Bengay, o Alívio Da Dor Penetrante Profunda

Ontem, o Jotabê, o monarca do Blogson Crusoe, enviou-me uma imagem, dizendo que ela poderia me inspirar um bom texto.
Senti-me de volta à década de 1970, aos meus tempos de grupo primário. Tempos em que a "tia", a Dona Espéria, frequentemente pedia  que fizéssemos "composições". Quem tem menos de 40 e poucos anos nem sabe o que é isso, ou conhece por outros nomes : redação, ou, mais atualmente, produção de texto. Eram duas composições por semana. A Dona Espéria nos dava um desenho, ou uma gravura, geralmente mimeografados, e tínhamos que compor um texto inspirados neles. Lembro que antes de qualquer coisa, eu dava uma boa cheirada na folha rescendendo à álcool. E compunha. E o texto vinha.
Agora, mais de quatro décadas depois, o mestre Jotabê me desafia a uma composição. Sem os eflúvios do álcool do papel mimeografado para me inspirar, dei uma talagada numa dose de vodka-tônica e compus. Não saiu lá grande coisa, mas acho que dá pra passar de ano. Raspando.

"Os músculos são nossas caldeiras, nossos cavalos de força, nossas forças motrizes. Zelar pela manutenção, pela adequada nutrição e pelo constante exercício deles é zelar por nossos próprios ânimos e disposição, por nossas próprias coragem e/ou resignação em levantar da cama todos os dias e enfrentar a lida.
Os músculos impulsionam e coordenam todas as nossas atividades. Músculos são sinônimos de ação. E fez-se o Verbo. E o Verbo fez-se em nós na forma de músculos. Os músculos são nossos verbos; todo o resto é perfumaria, são complementos nominais, conectivos, adjuntos adnominais, preposições, conjunções, objetos indiretos e outros penduricalhos.
Temos os músculos ligados ao nosso esqueleto, que nos colocam de pé, permitem-nos andar, manipular objetos, dar uma "banana" e mostrar o dedo do meio a um desafeto, coçar o saco e futucar o nariz, fazer o gesto da "arminha", ou o do "Lula Livre", e, claro, tocar punheta.
Temos os músculos lisos e involuntários do sistema digestório, responsáveis pela ingestão e pela transformação dos alimentos em moléculas utilizáveis por nossas células; eles, literalmente, dão tudo mastigadinho às nossas células.
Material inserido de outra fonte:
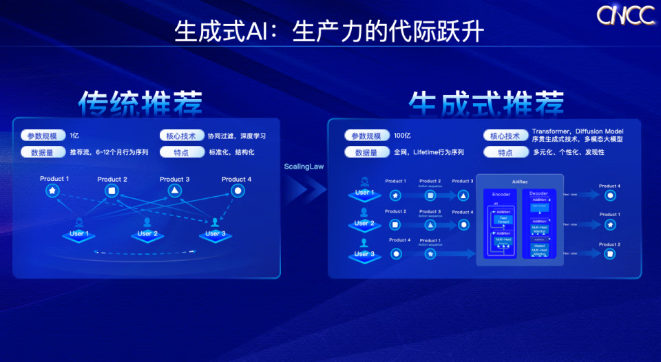 简单来说,传统推荐系统只能匹配现有实体来进行关联和预测,更适合标准化、结构化的需求;而生成式推荐,能够跳出原有的数据局限,生成新内容或动态策略,进行创造和推理,更适合多元化、个性化和发现性的需求,让算法更懂用户。
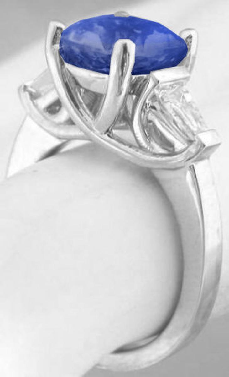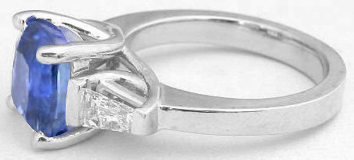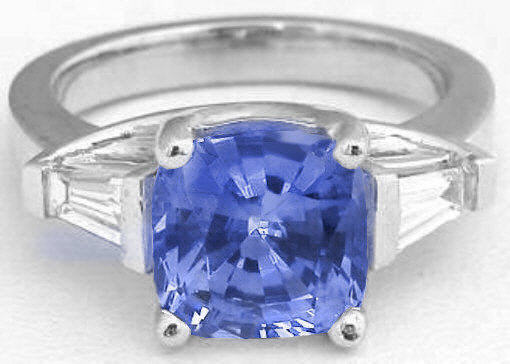 Special Features: This dramatic 3 stone engagement ring design features a spectacular combination of a large cushion cut sapphire and tapered baguette diamonds. The sapphire is a notable size at 3.65 carats and is completely natural and unheated, a rarity for larger size sapphires. The antique cushion cut is also very difficult to find making this a truly one of a kind gem.  The sapphire was mined in Sri Lanka (formerly known as Ceylon) and is just breathtaking. It is vibrant and lively and has a perfect medium tone, beautiful cornflower blue color. It is one of those gems that looks amazing in bright light and dim light so you will be proud to wear it and show it off! The sapphire is set in a Lucida style past, present and future mounting with a single, fine quality, tapered baguette diamond on each side. This symbolic design is classic and timeless and is an ideal choice for an engagement ring.
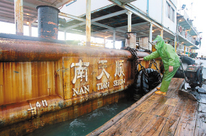記者看到,“南天順”甲板上整齊放置了很多設備,兩個巨大白色“箱子”尤其引人注目。隨船醫生黃耀平告訴記者,這是負責供氣、減壓的應急設施。根據水下考古程序,考古隊員作業出水后都需先進入減壓艙內進行加壓、減壓。此次為了打撈“南澳一號”,“南天順”配備了先進的設備和儀器,如甲板減壓艙設備一流,有可視屏幕,醫務人員可看到密閉艙內隊員的情況,也可通過電話與考古隊員對話交流。
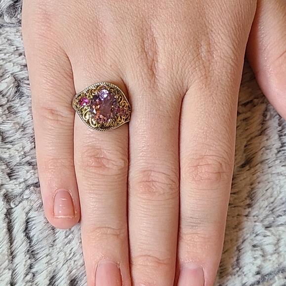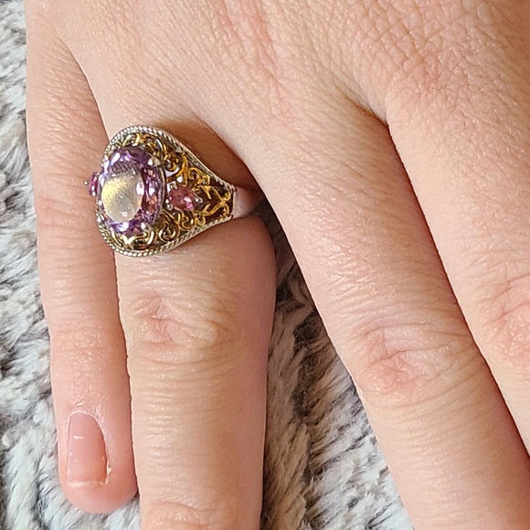 Beautiful Rose De France Amethyst (ovl 3.20cts) & Pink Tourmaline Filigree ring set in Platinum over Sterling Silver nickel free accented with 14kt YG size 6, TGW 3.50cts. This is a gorgeous ring with pink blush colored natural Amethyst.Perfect gift for this holiday.Spoil yourself or that someone special this holiday season. Please feel free to ask any questions.
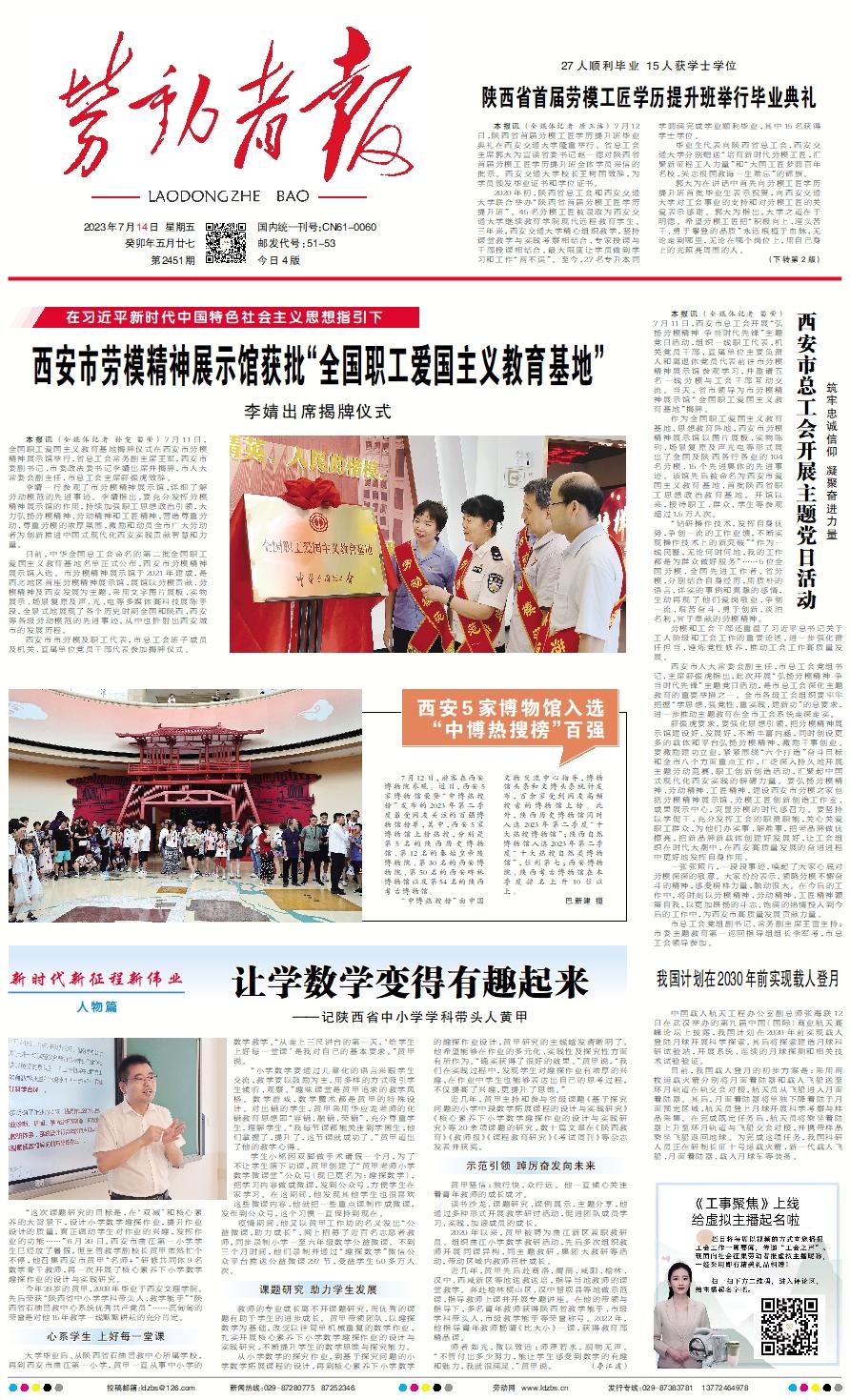 本报讯 (全媒体记者 孙雯 苗莹) 7月11日,全国职工爱国主义教育基地揭牌仪式在西安市劳模精神展示馆举行,省总工会常务副主席王军,西安市委副书记、市委政法委书记李婧出席并揭牌,市人大常委会副主任、市总工会主席薛振虎致辞。 李婧一行参观了市劳模精神展示馆,详细了解劳动模范的先进事迹。李婧指出,要充分发挥劳模精神展示馆的作用,持续加强职工思想政治引领,大力弘扬劳模精神、劳动精神和工匠精神,营造尊重劳动、尊重劳模的浓厚氛围,激励和动员全市广大劳动者为创新推进中国式现代化西安实践贡献智慧和力量。 日前,中华全国总工会命名的第二批全国职工爱国主义教育基地名单正式公布,西安市劳模精神展示馆入选。市劳模精神展示馆于2021年建成,是西北地区首座劳模精神展示馆,展馆以劳模贡献、劳模精神及西安发展为主题,采用文字图片展板、实物展示、场景复原及声、光、电等多媒体高科技展陈手段,全景式地展现了各个历史时期全国和陕西、西安等各级劳动模范的先进事迹,从中也折射出西安城市的发展历程。 西安市市劳模及职工代表,市总工会班子成员及机关、直属单位党员干部代表参加揭牌仪式。

Temos o diafragma, responsável pelo inflar e desinflar dos pulmões, garantindo-nos, respectivamente, a captura do gás oxigênio e a eliminação do gás carbônico. Temos os músculos da face, que nos permite expressar nossas emoções, dar vazão a toda a minha inata simpatia. Temos os músculos oculares, que permitem que nos encantemos com uma bela paisagem, com um sangrento pôr-do-sol, que possamos ler um bom livro, assistir a um bom filme e, claro, dar aquela rápida e sub-reptícia espiada no decote da peituda à nossa frente na fila do banco, do supermercado, da padaria.
Temos "o" músculo, o coração, infatigável bomba a lutar contra a "indesejada das gentes".
Engenhos maravilhosos, os nossos músculos; porém, não invulneráveis. Portanto, além de lhes fornecer boa nutrição e atividade física, é imprescíndivel também que recebam imediatos reparos em casos de lesões, estiramentos, lacerações e outros ossos do ofício. Vários são os procedimentos de primeiros socorros que podemos prestar aos nossos músculos : botar gelo, compressas com cataplasma, tomar diclofenaco, entre outros.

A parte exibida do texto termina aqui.